I did some random tests, on the one hand on a collection of 557398 file
names (last part of path names) in a file system here.
On the other hand on an artificially generated sequence of file names
with increasing number tails: foo0001, foo0002, ...

On the first collection the choice of multiplier didnt really matter
provided that it was odd and not too close to a power of two.
The smallest number with good behaviour was 11, the winner was 51.

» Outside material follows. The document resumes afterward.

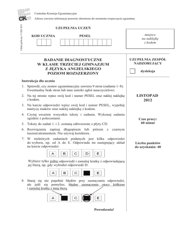 Centralna Komisja Egzaminacyjna Ukáad graficzny © CKE 2011 Arkusz zawiera informacje prawnie chronione do momentu rozpoczĊcia egzaminu. UZUPEàNIA UCZEē KOD UCZNIA miejsce na naklejkĊ z kodem PESEL UZUPEàNIA ZESPÓà NADZORUJĄCY BADANIE DIAGNOSTYCZNE W KLASIE TRZECIEJ GIMNAZJUM Z JĉZYKA ANGIELSKIEGO POZIOM ROZSZERZONY dysleksja Instrukcja dla ucznia 1. SprawdĨ, czy zestaw egzaminacyjny zawiera 9 stron (zadania 1–8). Ewentualny brak stron lub inne usterki zgáoĞ nauczycielowi. 2. Na tej stronie wpisz swój kod i numer PESEL oraz naklej naklejkĊ z kodem. LISTOPAD 2012 3. Na karcie odpowiedzi wpisz swój kod i numer PESEL, wypeánij matrycĊ znaków oraz naklej naklejkĊ z kodem. 4. Czytaj uwaĪnie wszystkie teksty i zadania. Wykonuj zadania zgodnie z poleceniami. 5. Teksty do zadaĔ 1. i 2. zostaną odtworzone z páyty CD. 6. Rozwiązania zapisuj dáugopisem lub piórem tuszem/atramentem. Nie uĪywaj korektora. z Czas pracy: 60 minut czarnym 7. W niektórych zadaniach podanych jest kilka odpowiedzi do wyboru, np. od A do E. Odpowiada im nastĊpujący ukáad na karcie odpowiedzi: Wybierz tylko jedną odpowiedĨ i zamaluj kratkĊ z odpowiadającą jej literą, np. gdy wybraáeĞ odpowiedĨ D: 8. Staraj siĊ nie popeániü báĊdów przy zaznaczaniu odpowiedzi, ale jeĞli siĊ pomylisz, báĊdne zaznaczenie otocz kóákiem i zamaluj kratkĊ z inną literą. Powodzenia! Liczba punktów do uzyskania: 40 Zadanie 1. (0–6) Usłyszysz dwukrotnie dwa teksty. Na podstawie informacji zawartych w nagraniu w zadaniach 1.1.–1.6. z podanych odpowiedzi wybierz właściwą. Zakreśl literę A, B albo C. Zadania 1.1.–1.3. odnoszą się do pierwszego tekstu, a zadania 1.4.–1.6. do drugiego. Tekst 1. Usłyszysz rozmowę dwóch osób. 1.1. The girl has to do her homework for А. Tuesday. В. Wednesday. С. Thursday. 1.2. The girl finally decides to А. ask her mother for help. В. go to the cinema. С. read another book. 1.3. The conversation takes place А. in a library. В. in a bookshop. С. at home. Tekst 2. Usłyszysz wypowiedź nastolatki. 1.4. The girl worked in a restaurant which А. opens only after lunchtime hours. В. belonged to her mother’s friend. С. is a well-known eating place. 1.5. She didn’t like А. working at night. В. wearing a uniform. С. serving Mr Potter. 1.6. This text is about А. what a waitress’s job is like. В. how to serve rude customers. С. why people lose summer jobs. Strona 2 z 9 Zadanie 2. (0–4) Usáyszysz dwukrotnie cztery wypowiedzi na temat relacji pomiĊdzy nastolatkami i ich rodzicami. Na podstawie informacji zawartych w nagraniu dopasuj do kaĪdej wypowiedzi (2.1.–2.4.) odpowiadające jej zdanie (A–E). Wpisz rozwiązania do tabeli. Uwaga! Jedno zdanie zostaáo podane dodatkowo i nie pasuje do Īadnej wypowiedzi. My parents A. are very strict about my grades. B. don’t let me study until midnight. C. tell me to do too much housework. D. aren’t glad because my room is messy. E. want to know about the phone calls I get. 2.1. 2.2. 2.3. 2.4. PRZENIEĝ ROZWIĄZANIA ZADAē 1. ORAZ 2. NA KARTĉ ODPOWIEDZI! Strona 3 z 9 Zadanie 3. (0–3) Przeczytaj tekst. Do kaĪdego akapitu (3.1.–3.3.) dopasuj wáaĞciwy nagáówek (A–D). Wpisz odpowiednią literĊ obok numeru kaĪdego akapitu. Uwaga! Jeden nagáówek zostaá podany dodatkowo i nie pasuje do Īadnego akapitu. A. Take your time B. Shop out of season C. Online shops are better D. Only bring the cash you need HOW TO SHOP WISELY 3.1. ____ Before you go out, put a small amount of money in your wallet – just enough to pay for the shopping you have planned. You can’t spend money you don’t have. When your wallet is empty, your shopping is over. 3.2. ____ If you’ve heard of a new product that you would really like to have, first visit a few shops to look for the lowest price. Perhaps check online, too. Comparing prices may take you a few hours, but don’t hurry. It will leave you with some extra cash in your wallet. 3.3. ____ Remember that if you need a new swimsuit or sandals for next summer, you should start shopping for them in October or November. The rule is that prices of light summer clothes are lower in autumn or winter, while warm coats and thick sweaters are much cheaper during the summer months. PRZENIEĝ ROZWIĄZANIA NA KARTĉ ODPOWIEDZI! Strona 4 z 9 Zadanie 4. (0–4) Przeczytaj tekst, z którego usuniĊto cztery zdania. Wpisz w luki 4.1.–4.4. litery, którymi oznaczono brakujące zdania (A–E), tak aby otrzymaü logiczny i spójny tekst. Uwaga! Jedno zdanie zostaáo podane dodatkowo i nie pasuje do Īadnej luki. THE LIBRARY CAT The first thing the workers of the Belmore Local Library noticed when they entered the building on 12th January 2008 was a grey kitten sitting under a desk. 4.1. ____ The workers wondered how the cat got into the library and they agreed that it had jumped through a small metal door in the wall. 4.2. ____ It usually happened at the weekend and on Monday there was a pile of books lying on the floor. The friendly kitten kept people company while they chose books or used library computers. The library workers loved it, too. But there was one problem – they didn’t know what to call it. 4.3. ____ Dewey Readmore Books was the winning name! Dewey began attracting families and school groups to the library. Soon, the local newspaper published an article about the library cat. 4.4. ____ It even started getting letters from people all over the world! A. So, the library organised a competition to name their favourite. B. People used it to return books when the library was closed. C. As a result, the cat became famous across the country. D. But the library workers didn’t like the cat’s name. E. It was thin and dirty but wasn’t afraid of people. PRZENIEĝ ROZWIĄZANIA NA KARTĉ ODPOWIEDZI! Strona 5 z 9 Zadanie 5. (0–3) Przeczytaj informacje o trzech osobach (5.1.–5.3.) oraz recenzje czterech filmów (A–D). Dopasuj do kaĪdej osoby film, któr

(51 has 4 bits, but is not more expensive because they are evenly spaced:
        /* 51x = 17*3*x */
        x += (x << 1);
        x += (x << 4);
)

On the second collection there were large differences between multipliers.
The clear winner was 11.

Some numbers:

Hash 557398 actual names, using
        hash(unsigned char *s) {
                unsigned int h = 0;

                while(*s)
                        h = m*h + *s++;
                return h % sz;
        }
for various values of m and powers of two sz (so that the % is an AND).
Report min, max, average length of hash chain, and standard deviation.
Of course min and max should be close to average and stddev should be small.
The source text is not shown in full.